A broader range of responses to a proposition can be seen through a more complicated scenario. If I tell you that I visited Canada last week, would you believe me? Visiting Canada is common and unremarkable, so there is no reason to think that my statement is false, but, you also have no reason to think it is true. You could accept me at my word, but you could just accept my claim as plausible without giving it further thought, much less believing it is true.

We can modify my claim to state that I crawled from my house to Canada. Again, such a feat is logically possible — but it also isn’t very likely. Why would anyone do such a thing? While you might step right up to assert that my claim is false, a more cautious position would be to “reject belief in” my claim pending further evidence and support. You aren’t actively believing it (because it seems implausible) but you aren’t denying it either (because it’s not impossible).
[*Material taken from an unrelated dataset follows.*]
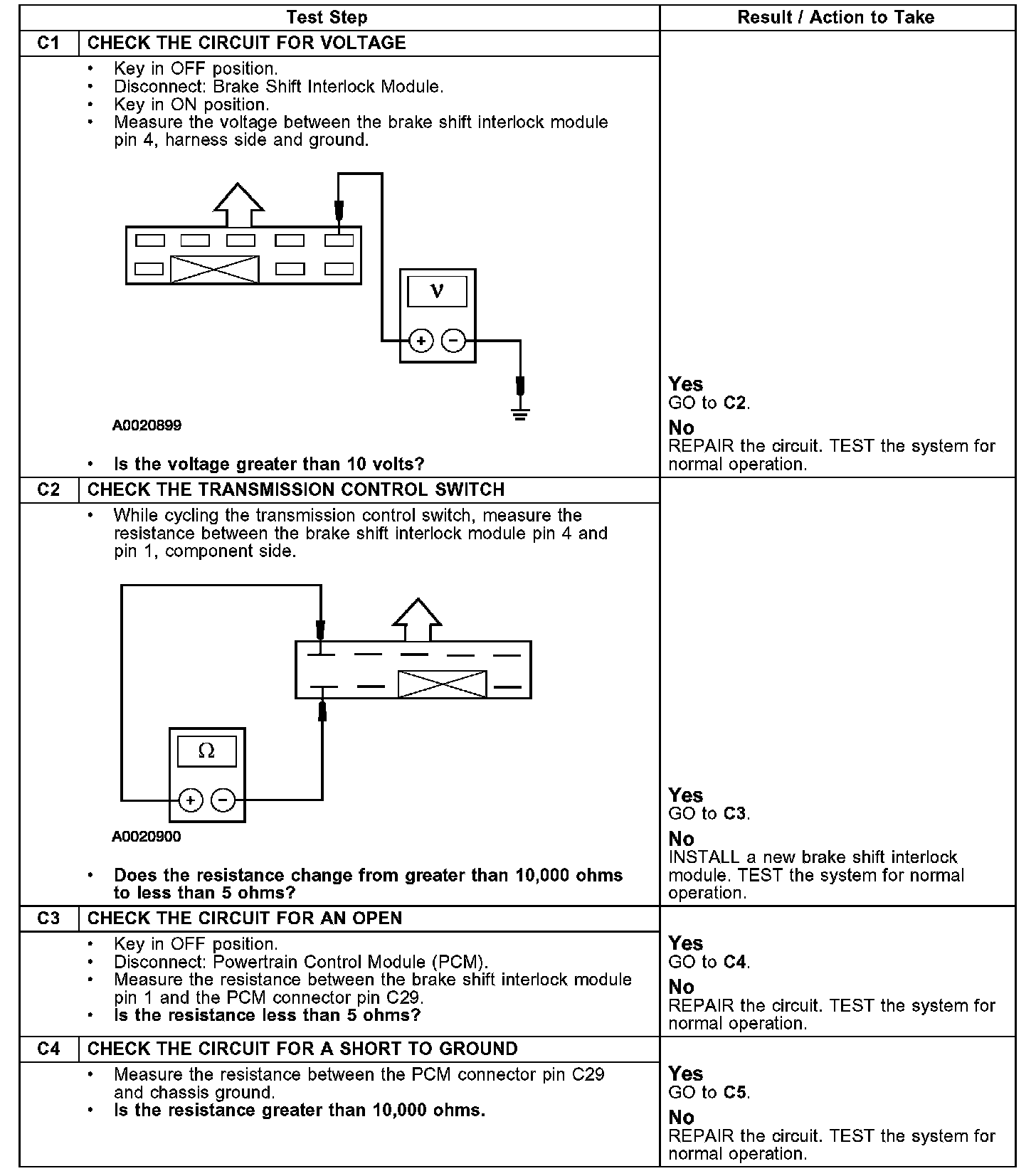 Test C: Transmission Control (TC) Switch Does Not Operate Correctly

Once again, not believing that a proposition is true doesn't entail believing that the proposition is false. This narrower form of disbelief is also a common atheistic reaction to theistic claims. In such cases the claims are coherent and understandable, but there is a lack of substantive support — for example, actual evidence to back the claims up. Lacking sufficient evidence to warrant rational belief, the atheist does not adopt the belief — but the atheist also does not necessarily deny the claim due to a similar lack of contrary evidence. The reaction, then, is to simply “reject belief in” the claim because the theist offers no good reasons to believe.

 

Belief vs. Disbelief vs. Denial

It should be fairly clear now that there are more that while there is no middle ground between the presence or absence of belief that some proposition is true, it's not the case that one has to either positively affirm or actively deny that any given proposition is true. Disbelief in a proposition may be nothing more than the absence of belief that the proposition is true and this may be due to nothing more than ignorance of the proposition, though it may be due to other reasons, like a desire to think longer about it or gather more evidence.

Disbelief in a proposition might go a bit further as the active rejection of belief that it is true, but without going so far as to actively deny that it is true. Denying that a proposition is true is the same as affirming that it's contradictory proposition is true but the evidence might not warrant this any more than affirming the truth of the original claim.

Once again, there are any number of possible reasons for why a person might refuse to accept a proposition as true without also asserting the contradictory is true — they don't even have to be good reasons. What matters is the fact that a failure or refusal to believe a proposition, including the proposition that some god is true, doesn't require that one assert that that proposition s false.